I didn’t know any of the background of this I..e that it was originally written in irish even though I am a native speaker. I loved it so much. I need to read more like this.
I loved this novel. It made me miss central London and its rich, multicultural history. All of the characters were so vivid and alive - and the writing, while authentic and sad in parts, was spry and engaging.

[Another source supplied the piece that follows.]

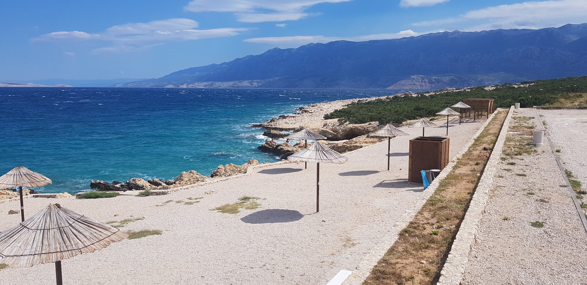 In a gentle cove on the northwestern part of the island of Pag, on a sheltered, sun-exposed, gentle slope, lies Stara Novalja with Planjka – Trinćel Beach. This beach attracts many tourists due to its cleanliness, beauty, appeal, and variety of facilities.

Exiles by Donall Mac Amhlaigh translated by Micheal O hAodha
A rare novel that describes the experience of the Irish post war migration to England. This is the first time this novel has been translated into English as part of the Carnival of Voices series by publisher Parthian. The novel depicts the experience of three native Irish speakers and their migration to England to fill the needs of the post war UK economy. Trevor is a navvy, Nano who works in a hospital and Niall who has just left the Irish Army and desperately tries to find work in Ireland but is driven to emigrate because of the hardships facing De Valera’s catholic Ireland. They experience the culture shock of the English Cities and the loss of their own homeland and of a loyalty to an Ireland that could and would not embrace them.
Amhlaigh had a background similar to Niall and throughout this book their is the underlying anger that Ireland did so little for the working class Catholic Communties. An anger that I witnessed growing up amongst the Irish community in Manchester. Amhlaigh’s own father had fought in the War of Independence and now his son had to find a new life in the country that they fought to be independent from. On a personal level I found the stories fascinating as this was the experience of my own parents and some of their siblings. The difficulties of being separated from culture and extended family was not just felt by those who migrated but by the next generation too.
The writing and the translation are also superb and I will be recommending this book to anyone interested in story of the Irish in Britain.